The snap runs on the same data. When the wheel goes idle, find the center closest to focusY and animate toward it.

Stripping it down

No scroll, no fish-eye. Just a slider that controls focusY, and fifty tiles that follow.

Drag the slider slowly. Watch the tiles shift. Now click any tile directly. focusY jumps to that tile's center and the rest of the rail rearranges around it.

Slider

The positioning math is one line:

y = tileCenter - focusY + viewportHeight / 2 - thumbSize / 2

Subtract the focus point from the tile's center to get its offset from the focal position. Add half the viewport height to anchor the focused tile in the middle of the visible area. Every tile runs this same formula, with only tileCenter changing.

This version uses React state for focusY. Each slider change triggers a re-render, and React recomputes every tile's position in JSX. At the speed a human drags a slider, that works fine.

Wiring up the scroll wheel

The slider proves the model works. The next step is to wire it to real input.

Wheel events replace the slider. Each event adjusts focusY by the scroll delta. The strip moves with the wheel, continuously, at whatever speed you scroll.

But there's a performance question. Wheel events fire 30-60 times per second. Each one changes focusY, which changes every tile's position. Running that through useState and React's render cycle means fifty component diffs per frame. It works, but React's diffing is overhead you don't need when the only thing changing is a CSS transform.

Swap React state for a Motion MotionValue. A focusY.on("change") subscription runs on every value change and writes to each tile's el.style.transform directly. Same math, same positions, but React never re-renders during scroll.

Adding the fish-eye

With scroll wired up, the strip positions correctly but every tile looks the same. There's no sense of where you are. The fish-eye gives spatial context.

How much should a tile scale up? It depends on one thing: distance from the focus. A tile sitting right at focusY gets the maximum boost, 1.25x. A tile 64 pixels away gets none. Everything in between scales linearly.

The same distance calculation drives opacity. At the focus: full brightness. At 64 pixels away: 50% brightness. One distance measurement, two visual effects. The math for the interpolation factor is t = max(0, 1 - distance / radius). When t is 1 (right at focus), the tile is fully scaled and fully bright. When t is 0 (outside the radius), it's at baseline.

Scroll through the demo below. Your eye follows the bright zone as it slides through the strip. Two or three tiles are "awake" at any moment, and they shift as the focus moves.

Fish-Eye

Now try stopping mid-way between two tiles. The focus lands wherever momentum left it. The fish-eye splits across neighbors, neither tile is fully scaled, and the rail looks unsettled. No image is clearly active.

Snap on idle

After the last wheel event, a 120-millisecond idle timer starts. If no new scroll input arrives, a short tween animates focusY to the nearest tile center. The rail locks onto a clean position, and one tile is unambiguously active.

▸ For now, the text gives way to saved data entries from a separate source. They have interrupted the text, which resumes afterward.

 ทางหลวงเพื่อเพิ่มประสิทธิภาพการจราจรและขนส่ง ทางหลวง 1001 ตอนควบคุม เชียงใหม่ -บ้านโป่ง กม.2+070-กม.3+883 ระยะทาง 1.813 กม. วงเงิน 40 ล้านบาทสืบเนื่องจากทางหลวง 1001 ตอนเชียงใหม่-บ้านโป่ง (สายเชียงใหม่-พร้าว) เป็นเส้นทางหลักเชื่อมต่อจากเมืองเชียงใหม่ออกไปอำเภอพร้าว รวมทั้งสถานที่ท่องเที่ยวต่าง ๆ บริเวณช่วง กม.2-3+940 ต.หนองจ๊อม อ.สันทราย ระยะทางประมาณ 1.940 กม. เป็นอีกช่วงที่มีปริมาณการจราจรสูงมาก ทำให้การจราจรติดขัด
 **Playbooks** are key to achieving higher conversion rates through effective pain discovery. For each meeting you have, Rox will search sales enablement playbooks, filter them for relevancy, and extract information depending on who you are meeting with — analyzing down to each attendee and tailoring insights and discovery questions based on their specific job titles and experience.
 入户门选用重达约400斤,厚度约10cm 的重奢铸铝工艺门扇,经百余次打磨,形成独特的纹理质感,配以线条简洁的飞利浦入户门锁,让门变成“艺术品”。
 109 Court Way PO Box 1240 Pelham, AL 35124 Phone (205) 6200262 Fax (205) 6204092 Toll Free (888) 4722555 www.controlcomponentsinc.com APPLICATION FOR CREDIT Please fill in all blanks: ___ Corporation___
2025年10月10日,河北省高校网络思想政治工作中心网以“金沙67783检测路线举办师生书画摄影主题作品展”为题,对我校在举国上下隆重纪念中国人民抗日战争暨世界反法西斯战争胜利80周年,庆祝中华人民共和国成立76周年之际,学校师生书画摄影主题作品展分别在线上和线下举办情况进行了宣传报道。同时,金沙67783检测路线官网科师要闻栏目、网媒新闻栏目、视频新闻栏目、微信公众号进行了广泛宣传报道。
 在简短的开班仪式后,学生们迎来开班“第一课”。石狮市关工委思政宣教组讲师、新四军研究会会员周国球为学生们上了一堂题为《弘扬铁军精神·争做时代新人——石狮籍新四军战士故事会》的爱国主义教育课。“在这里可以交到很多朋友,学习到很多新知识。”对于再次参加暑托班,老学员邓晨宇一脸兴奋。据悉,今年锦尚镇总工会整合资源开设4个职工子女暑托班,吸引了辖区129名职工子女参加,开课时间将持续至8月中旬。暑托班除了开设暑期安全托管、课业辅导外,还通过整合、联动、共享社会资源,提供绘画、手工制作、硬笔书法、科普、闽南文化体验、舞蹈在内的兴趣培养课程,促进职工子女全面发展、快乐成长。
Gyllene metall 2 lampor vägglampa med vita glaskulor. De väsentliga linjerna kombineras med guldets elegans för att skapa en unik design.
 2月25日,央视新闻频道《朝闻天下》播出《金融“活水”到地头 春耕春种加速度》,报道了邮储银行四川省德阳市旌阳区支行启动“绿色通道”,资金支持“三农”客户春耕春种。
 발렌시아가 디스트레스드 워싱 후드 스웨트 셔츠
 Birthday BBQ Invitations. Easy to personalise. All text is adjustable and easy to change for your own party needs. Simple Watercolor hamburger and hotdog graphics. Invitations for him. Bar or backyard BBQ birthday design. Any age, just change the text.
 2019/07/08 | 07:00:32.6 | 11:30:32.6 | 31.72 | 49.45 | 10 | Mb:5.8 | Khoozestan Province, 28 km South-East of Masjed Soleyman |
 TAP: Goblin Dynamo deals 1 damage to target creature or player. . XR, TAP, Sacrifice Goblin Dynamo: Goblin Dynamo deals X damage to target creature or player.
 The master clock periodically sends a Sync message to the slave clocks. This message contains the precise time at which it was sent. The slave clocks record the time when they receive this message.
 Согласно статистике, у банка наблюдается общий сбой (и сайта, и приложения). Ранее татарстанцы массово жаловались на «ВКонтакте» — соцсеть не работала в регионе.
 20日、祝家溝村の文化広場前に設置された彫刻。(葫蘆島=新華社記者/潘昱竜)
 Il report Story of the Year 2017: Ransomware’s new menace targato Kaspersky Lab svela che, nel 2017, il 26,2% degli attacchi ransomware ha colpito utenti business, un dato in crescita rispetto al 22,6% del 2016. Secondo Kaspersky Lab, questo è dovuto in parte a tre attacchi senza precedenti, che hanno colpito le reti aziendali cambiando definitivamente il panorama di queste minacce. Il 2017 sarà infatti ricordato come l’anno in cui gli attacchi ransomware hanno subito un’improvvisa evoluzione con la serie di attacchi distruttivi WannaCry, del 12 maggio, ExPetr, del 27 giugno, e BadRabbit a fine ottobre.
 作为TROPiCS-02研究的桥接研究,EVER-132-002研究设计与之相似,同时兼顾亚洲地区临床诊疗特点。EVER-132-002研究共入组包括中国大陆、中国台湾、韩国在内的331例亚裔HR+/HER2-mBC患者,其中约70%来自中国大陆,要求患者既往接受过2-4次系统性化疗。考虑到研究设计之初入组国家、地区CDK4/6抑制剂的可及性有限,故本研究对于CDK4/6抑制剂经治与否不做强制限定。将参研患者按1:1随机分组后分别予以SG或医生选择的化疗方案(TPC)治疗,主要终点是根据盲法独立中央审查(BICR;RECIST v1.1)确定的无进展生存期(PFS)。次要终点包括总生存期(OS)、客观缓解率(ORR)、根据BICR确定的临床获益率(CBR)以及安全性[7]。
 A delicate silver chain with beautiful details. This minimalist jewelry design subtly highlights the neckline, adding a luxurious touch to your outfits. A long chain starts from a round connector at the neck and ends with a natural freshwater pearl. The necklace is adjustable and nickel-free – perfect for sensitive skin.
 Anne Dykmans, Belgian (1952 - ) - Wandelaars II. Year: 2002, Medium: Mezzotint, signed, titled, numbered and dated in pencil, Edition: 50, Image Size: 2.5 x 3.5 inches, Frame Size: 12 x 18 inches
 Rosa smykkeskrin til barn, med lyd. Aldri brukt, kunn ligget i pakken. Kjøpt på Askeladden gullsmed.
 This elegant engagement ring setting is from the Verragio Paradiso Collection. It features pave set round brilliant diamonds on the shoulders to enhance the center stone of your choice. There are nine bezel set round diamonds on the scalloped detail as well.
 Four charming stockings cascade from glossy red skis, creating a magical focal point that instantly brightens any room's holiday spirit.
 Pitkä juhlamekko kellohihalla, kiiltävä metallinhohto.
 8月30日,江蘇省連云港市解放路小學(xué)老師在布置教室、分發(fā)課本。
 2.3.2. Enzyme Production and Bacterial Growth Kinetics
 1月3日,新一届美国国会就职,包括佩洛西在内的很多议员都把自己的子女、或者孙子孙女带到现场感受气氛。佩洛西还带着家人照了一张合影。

If you scroll again before the tween finishes, it cancels immediately and the rail goes back to following the wheel.

Complete

Toggle X-Ray and scroll slowly. The dashed lines mark the 64-pixel fish-eye radius centered on the viewport. The numbers on each tile show their live scale values. Watch them change as the focus passes through. The readout in the footer tracks the raw focusY coordinate and the current active index.

What's left for production

This demo covers the interaction model. The production version in Batch Banana adds a few things on top.

Virtualization. Fifty tiles are fine. Five hundred aren't. The real component only mounts tiles inside the viewport plus a small overscan buffer. A visibleSlice function runs a binary search on the sorted centers array each tick to compute the range. React re-renders only when that range changes, not on every scroll frame.

External sync. The lightbox has other navigation sources: clicking a sidebar item, a context menu action, keyboard shortcuts. Any of these can change the current index from outside the rail. The rail watches for external index changes and jumps focusY to match, but it tracks which changes it initiated itself (via an emittedRef) to avoid fighting its own scroll input.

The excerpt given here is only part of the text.